Entonces, el poder de la mente fue determinante: Danubio le sacó el invicto al campeón; y Nacional, no sólo perdió ese galardón, sino que también sumó su sexto gol en contra en 3 partidos, cuando hasta la gran tarde del clásico le habían metido 2 en todo el campeonato.
"Lo habíamos conversado, pero son cosas que pasan"
SILVIA PEREZ
Los futbolistas tricolores salieron rápidamente de Jardines del Hipódromo porque volvieron a bañarse a Los Céspedes, de donde no tardaron en retirarse. Hoy tienen libre y mañana vuelven al entrenamiento por la tarde.
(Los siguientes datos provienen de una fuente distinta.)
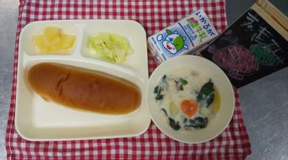 今日は、ほうれんそうのクリームシチュー、キャベツのサラダ、洋なし(缶詰め)、黒糖パン、牛乳でした。
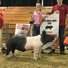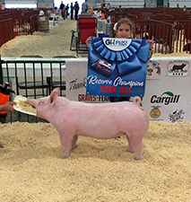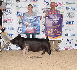 Grand Champion Overall Market Hog Grand Champion Market Gilt 2019 Real McCoy Genetics Jackpot, OH Shown by Abby Hemphill Bred by G&S Swine, OH Sired by Solo |

padres. Alejandro Lembo es siempre uno de los más rápidos en pasar por la ducha, y ayer no fue la excepción. Fue el segundo en abandonar la concentración tricolor después de Alejandro Mello. Al capitán lo esperaban sus padres, y antes de subirse al auto aseguró que lo que había sucedido en la cancha de Danubio era algo normal: "nosotros sabíamos que iba a haber como un afloje y fue lo que pasó. Son cosas normales. Lo habíamos conversado y tratamos de no aflojar, pero es inconciente. La atención y la presión no son las mismas después de salir campeones".
dolor. A propósito de haber perdido el invicto, Lembo manifestó: "duele un poco, porque hubiera sido lindo mantenerlo hasta el final, pero son cosas que pasan. Si estuviéramos en otra posición, en la de Danubio, por ejemplo, nos estaríamos quejando por no haber conseguido el Apertura. De todos modos, eran puntos importantes, sobre todo ahora que cambió el reglamento y la tabla anual tiene otra importancia, pero bueno, ahora lo importante es ganar el último partido que nos queda y ganar el Torneo Clausura para no depender de la tabla anual".
lastima. Lembo no era el único que pensaba de esa forma, a pesar de que habían dejado el invicto en la Curva de Maroñas los futbolistas tricolores no parecían muy afectados. El arquero Gustavo Munúa, afirmó que fue un partido parejo: "inconcientemente siempre hay un afloje, pero en todo momento quisimos ganar. Hasta el segundo gol fue parejo, Danubio nunca nos dominó. Hubo chances para los dos lados y ellos las concretaron más que nosotros. Danubio ganó, tiene buenos jugadores y es un justo ganador. Nos duele haber perdido el invicto, con la camiseta de Nacional siempre duele, pero estaba dentro de las cosas que podían pasar. Una cosa es jugar cuando está todo en juego y otra cuando ya sos campeón. Lástima los puntos que dejamos, porque la tabla anual es muy importante y nos vamos a dar cuenta de estos puntos que perdimos en el Clausura".
El viernes para la TV
COREA - Carreño pidió para adelantar el último partido del Torneo Clausura, con el propósito de realizar un trabajo de reacondicionamiento antes de la partida hacia Corea, donde Nacional disputará la Copa de la Paz, que reserva un premio de 2.000.000 de dólares para el equipo que termine ganándola.
ADELANTO - Como consecuencia de lo anterior, el partido entre Nacional y Villa Española se disputará el próximo viernes, a las 20:15, para la televisión, en el Estadio Centenario, y por iniciativa de la empresa Tenfield no se cobrará entrada. El ingreso se posibilitará con la entrega de un artículo no perecedero.